*** SUPPLIED RECORDS
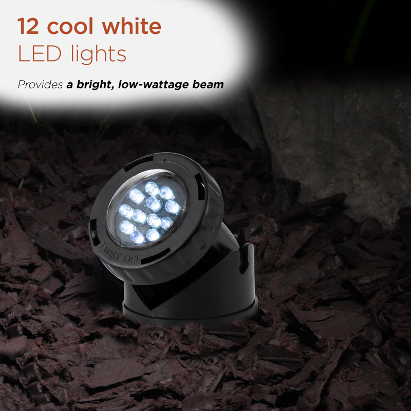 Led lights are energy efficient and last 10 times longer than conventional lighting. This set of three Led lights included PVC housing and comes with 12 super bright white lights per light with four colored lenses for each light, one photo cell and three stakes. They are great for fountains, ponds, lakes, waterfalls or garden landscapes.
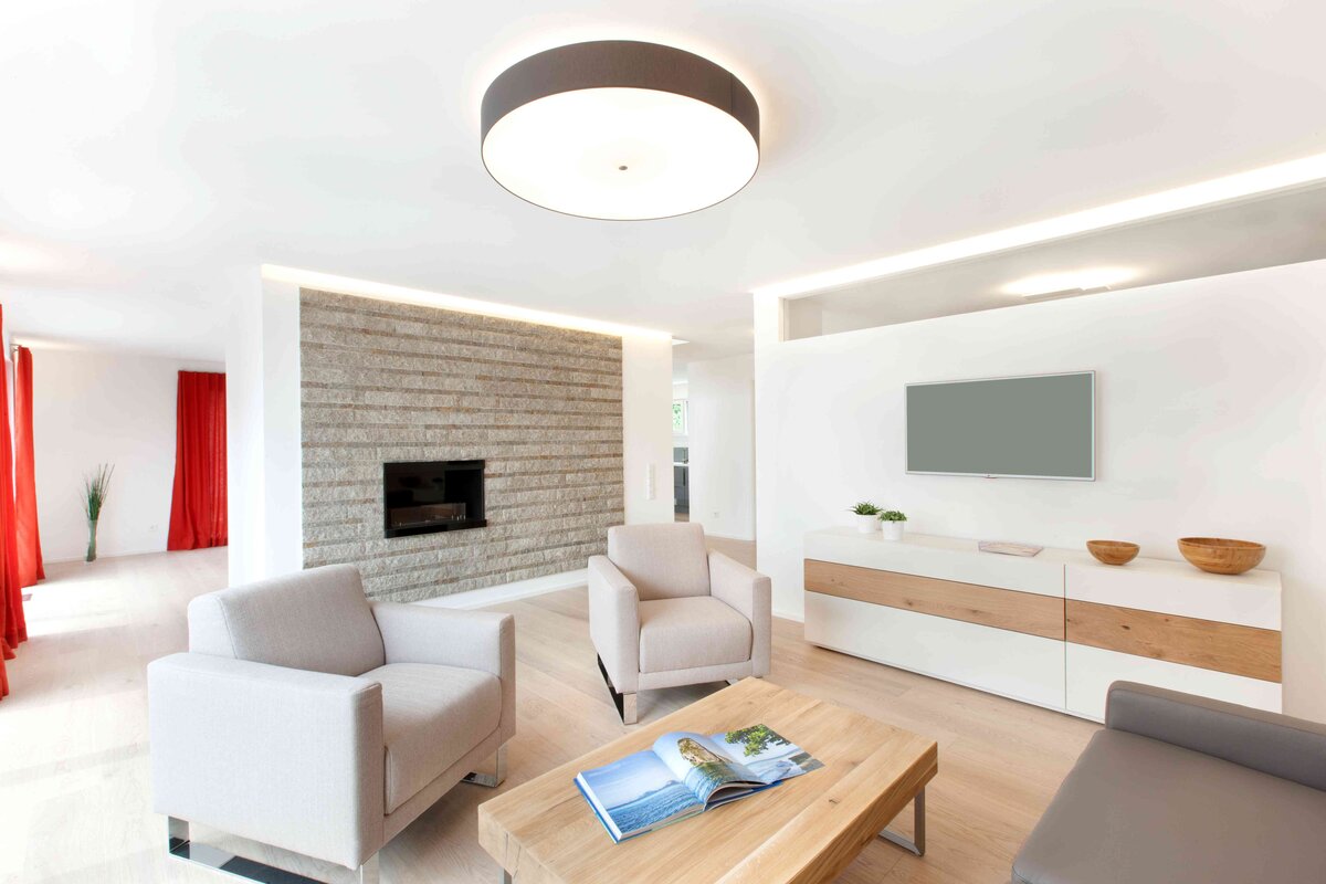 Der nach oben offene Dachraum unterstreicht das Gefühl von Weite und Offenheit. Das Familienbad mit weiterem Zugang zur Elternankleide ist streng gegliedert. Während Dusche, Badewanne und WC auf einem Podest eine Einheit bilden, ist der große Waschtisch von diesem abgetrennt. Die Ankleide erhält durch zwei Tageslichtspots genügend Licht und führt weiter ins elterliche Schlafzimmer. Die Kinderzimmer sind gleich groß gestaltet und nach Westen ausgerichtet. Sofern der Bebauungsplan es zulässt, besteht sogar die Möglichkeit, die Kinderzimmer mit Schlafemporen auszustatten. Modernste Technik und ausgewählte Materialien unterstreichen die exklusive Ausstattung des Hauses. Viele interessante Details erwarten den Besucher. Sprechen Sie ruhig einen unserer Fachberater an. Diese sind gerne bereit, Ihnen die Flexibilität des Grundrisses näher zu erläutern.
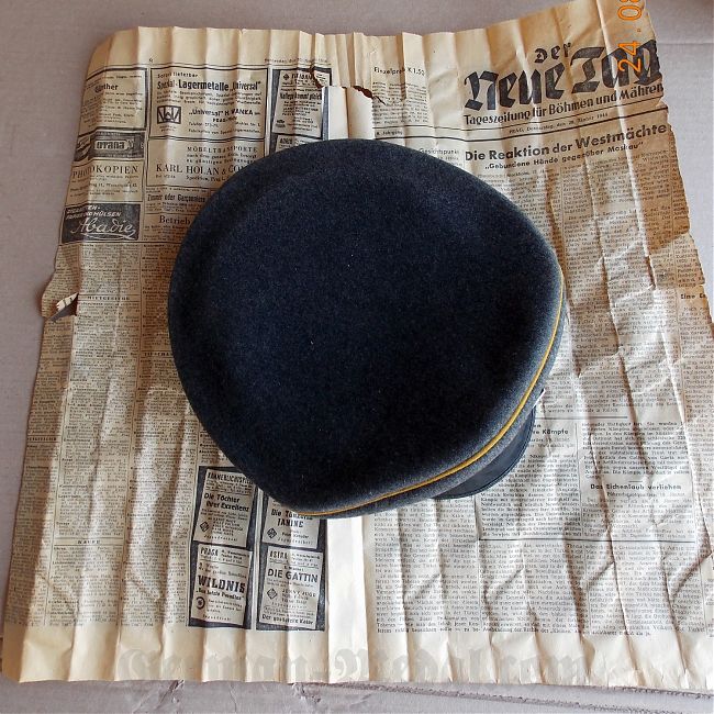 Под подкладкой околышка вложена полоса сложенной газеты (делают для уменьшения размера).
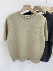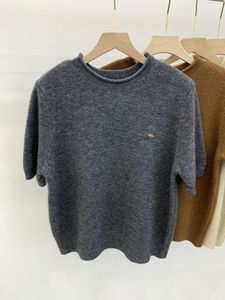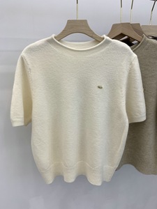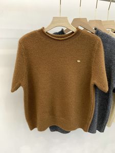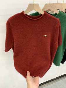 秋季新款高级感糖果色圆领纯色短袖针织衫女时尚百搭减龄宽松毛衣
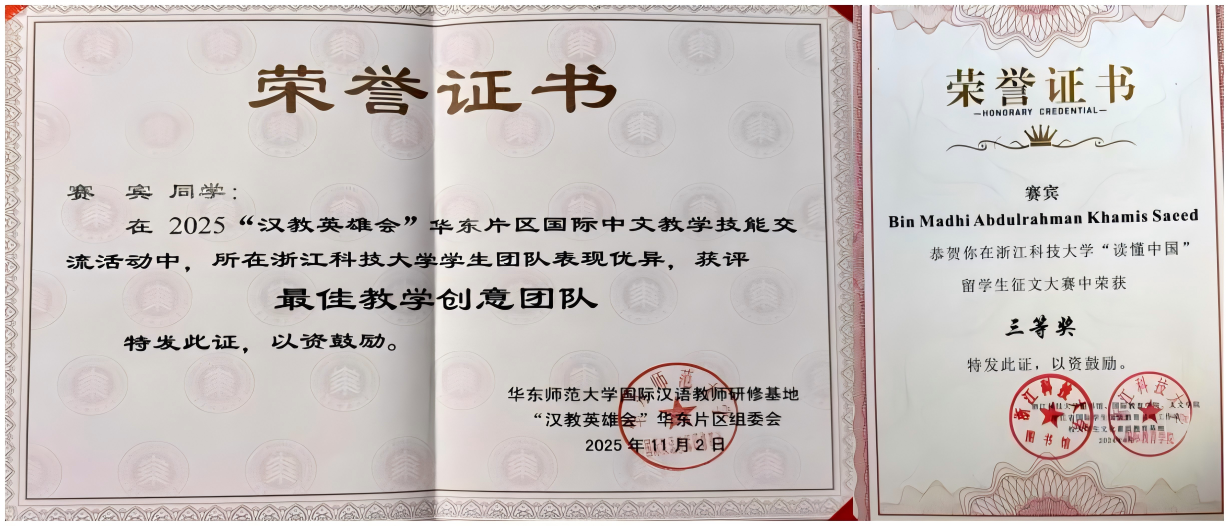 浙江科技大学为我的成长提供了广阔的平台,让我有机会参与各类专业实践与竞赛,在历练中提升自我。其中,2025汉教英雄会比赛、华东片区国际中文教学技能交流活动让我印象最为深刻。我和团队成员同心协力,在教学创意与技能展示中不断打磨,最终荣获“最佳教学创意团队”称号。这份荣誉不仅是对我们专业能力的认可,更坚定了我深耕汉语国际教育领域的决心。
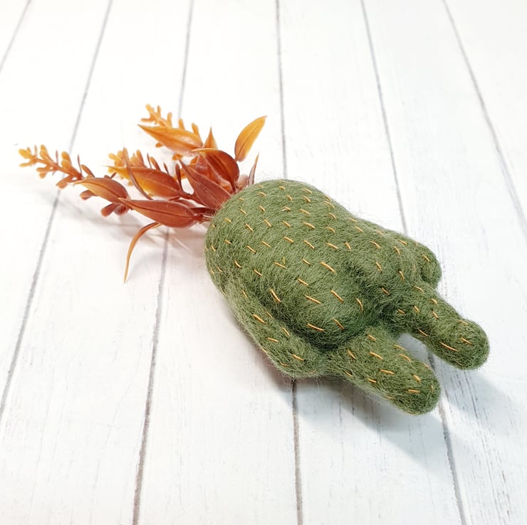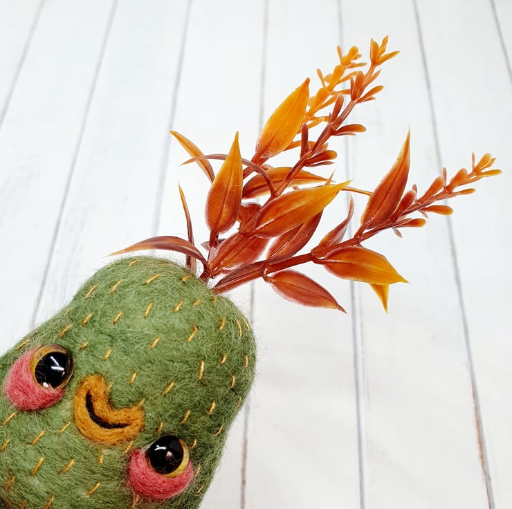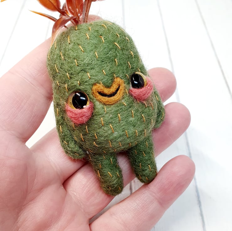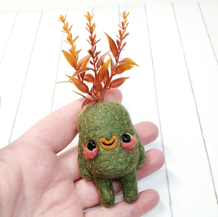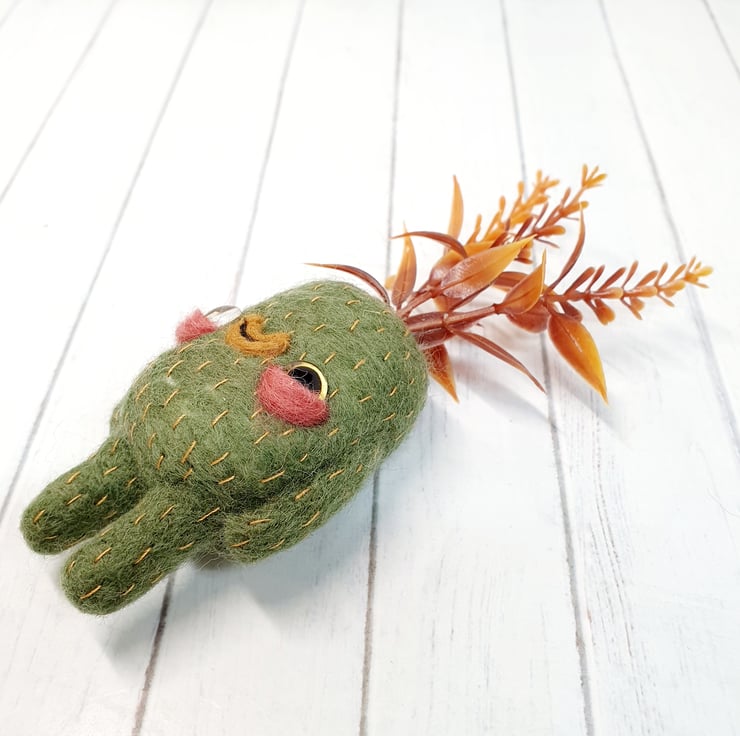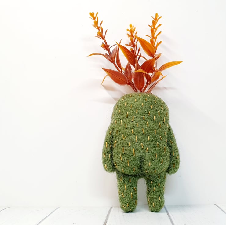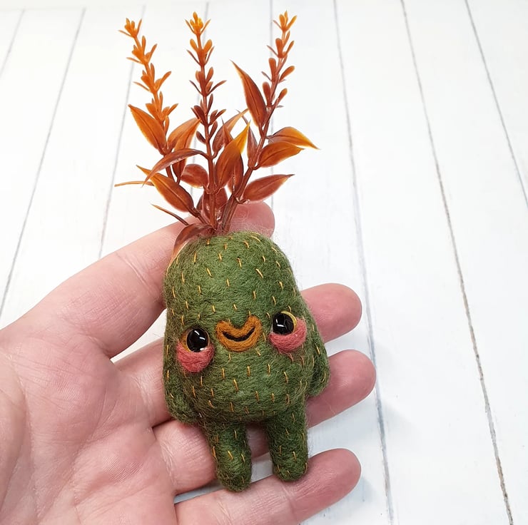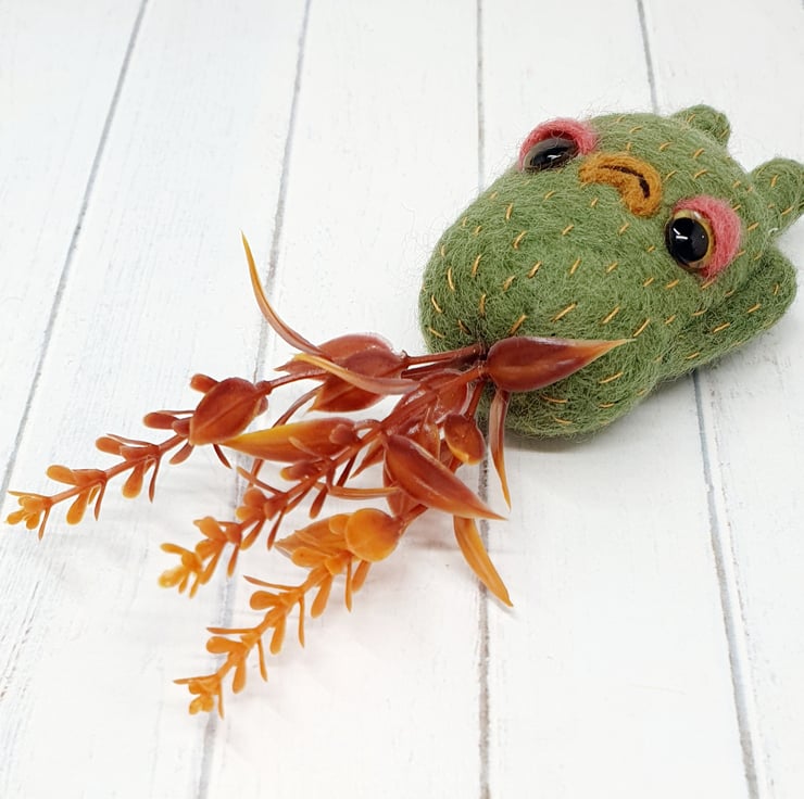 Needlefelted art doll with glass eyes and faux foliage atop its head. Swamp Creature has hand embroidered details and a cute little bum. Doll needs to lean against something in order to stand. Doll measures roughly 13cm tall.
******
YOUR GOAL: In the answer, the entries must appear exactly as above, without the images.

EXPECTED ANSWER:
 Led lights are energy efficient and last 10 times longer than conventional lighting. This set of three Led lights included PVC housing and comes with 12 super bright white lights per light with four colored lenses for each light, one photo cell and three stakes. They are great for fountains, ponds, lakes, waterfalls or garden landscapes.
 Der nach oben offene Dachraum unterstreicht das Gefühl von Weite und Offenheit. Das Familienbad mit weiterem Zugang zur Elternankleide ist streng gegliedert. Während Dusche, Badewanne und WC auf einem Podest eine Einheit bilden, ist der große Waschtisch von diesem abgetrennt. Die Ankleide erhält durch zwei Tageslichtspots genügend Licht und führt weiter ins elterliche Schlafzimmer. Die Kinderzimmer sind gleich groß gestaltet und nach Westen ausgerichtet. Sofern der Bebauungsplan es zulässt, besteht sogar die Möglichkeit, die Kinderzimmer mit Schlafemporen auszustatten. Modernste Technik und ausgewählte Materialien unterstreichen die exklusive Ausstattung des Hauses. Viele interessante Details erwarten den Besucher. Sprechen Sie ruhig einen unserer Fachberater an. Diese sind gerne bereit, Ihnen die Flexibilität des Grundrisses näher zu erläutern.
 Под подкладкой околышка вложена полоса сложенной газеты (делают для уменьшения размера).
 秋季新款高级感糖果色圆领纯色短袖针织衫女时尚百搭减龄宽松毛衣
 浙江科技大学为我的成长提供了广阔的平台,让我有机会参与各类专业实践与竞赛,在历练中提升自我。其中,2025汉教英雄会比赛、华东片区国际中文教学技能交流活动让我印象最为深刻。我和团队成员同心协力,在教学创意与技能展示中不断打磨,最终荣获“最佳教学创意团队”称号。这份荣誉不仅是对我们专业能力的认可,更坚定了我深耕汉语国际教育领域的决心。
 Needlefelted art doll with glass eyes and faux foliage atop its head. Swamp Creature has hand embroidered details and a cute little bum. Doll needs to lean against something in order to stand. Doll measures roughly 13cm tall.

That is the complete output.